While we have concrete reasons that one might worship Shakti, Masculine counterparts are honored for anything from abundance to removing obstacles. Lord Ganesha, for instance, is called ‘Vighnaharta,’ which means the one who curbs all your problems. We can also see similar attributes associated with Lord Shiva and the ancient Egyptian gods Atum and Seth. These gods were all worshipped for worldly needs and were associated with justice, the destruction of evil, and so on.

The concept of duality is the only thing that remains common in all ancient religions. Names of the deities may change from religion to religion, from culture to culture. Different demigods and manifestations are present for one to choose and pray as per their needs. In simple terms, Shiva is a portal, and Shakti is the fuel one needs to get there.

Concept of Chakras

Yoga has been developed to make one’s body ready to use and enhance Shakti in a certain way. Chakras or nodal points have been identified that help give a map for those pursuing them. There are 114 chakras, seven of which are in the spine’s alignment, which is the most prominent and relatively easy to work on. Each chakra is associated with various emotions, colors, and mantras, which can be used to ease the passage of energy or Shakti through them. For example, if you’re feeling low in confidence or guilty for not sticking up for yourself, working on the Solar plexus chakra, which is situated near your navel, will help. It is associated with the color yellow and the sound of RM. When you come across phrases like ‘Chakra is blocked’ and ‘Energy blocks,’ it primarily means that Shakti’s energy flow is inefficient.

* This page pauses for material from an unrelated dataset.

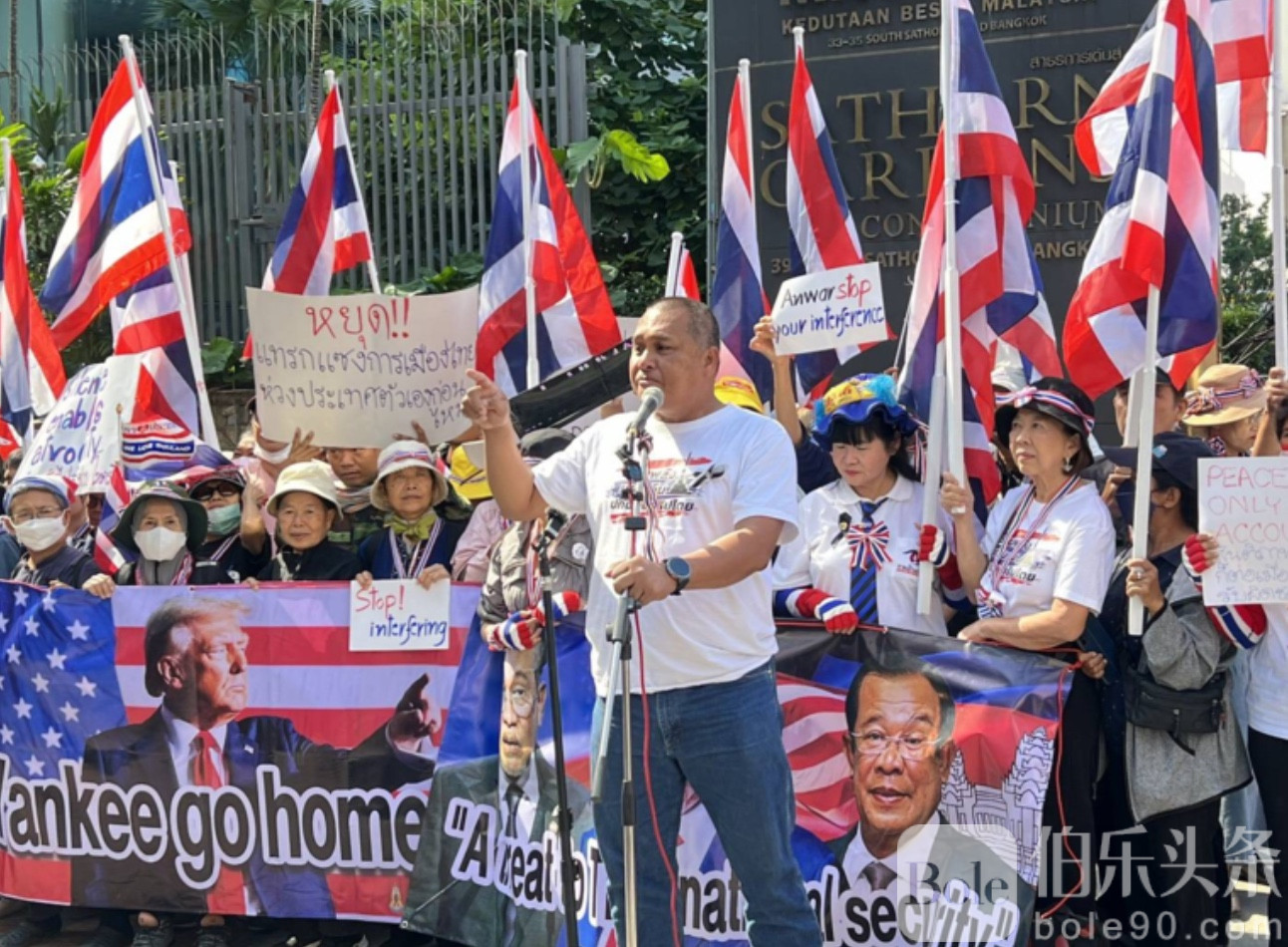 示威者手举巨幅海报,上面印着特朗普、安瓦尔及洪森三人的肖像,并写着“A threat to Thai national security”(对泰国国家安全的威胁)。现场群众不断挥舞泰国国旗,并举牌写着“停止干涉泰国”“东盟主席必须保持中立”等口号,情绪激动。

Mysticism all around the world has explored these areas in different ways. While some were called witchcraft, some established well-operated cults that helped others explore this inner energy we all have.


Fasting has been crucial in almost every religion we know. People fast on a specific auspicious day or a day of the week; some fast for days in a row. Science has now found multiple benefits of fasting. Intermittent fasting, water fasting, and dry fasting are famous worldwide. Fasting has been proven to render people better health and clarity and has been shown to improve neurogenesis. The energy used to digest loads of food in the body is utilized to heal ailments. According to the mystics, fasting helps us have better antennas to receive power and keep the vessel(body) clean to store and drive the flow of this energy. Ancient Yogic traditions promote fasting and eating more energy-prone food like fruits, vegetables, leafy vegetables, etc. 

Universal Consciousness-

Universal consciousness is the idea that we are a part of the same entity/ energy/ consciousness we worship. It parallels Newton’s first energy law- Energy can neither be created nor destroyed. The energy changes its form from one to another. The concept of energy, its dual types, its balance, and that it is part of the universal energy have been changed in one form or another. Spirituality is the salient fabric of any religion. But spirituality is mutually exclusive from any religion. It is beyond the physical aspects of a human being. Hence, it is seen as something sacred and omnipresent.  

Some spiritual practices can bring peace and clarity to someone who has become too busy in the mundane world. The purpose is not to outdo someone else or even gain something of a higher purpose; the aim is to be your true self and enrich what you are. Being this far ahead in life, we are sure that we do not merely exist to fight for survival and die. What is the use of the gift of life if one can’t understand its true nature?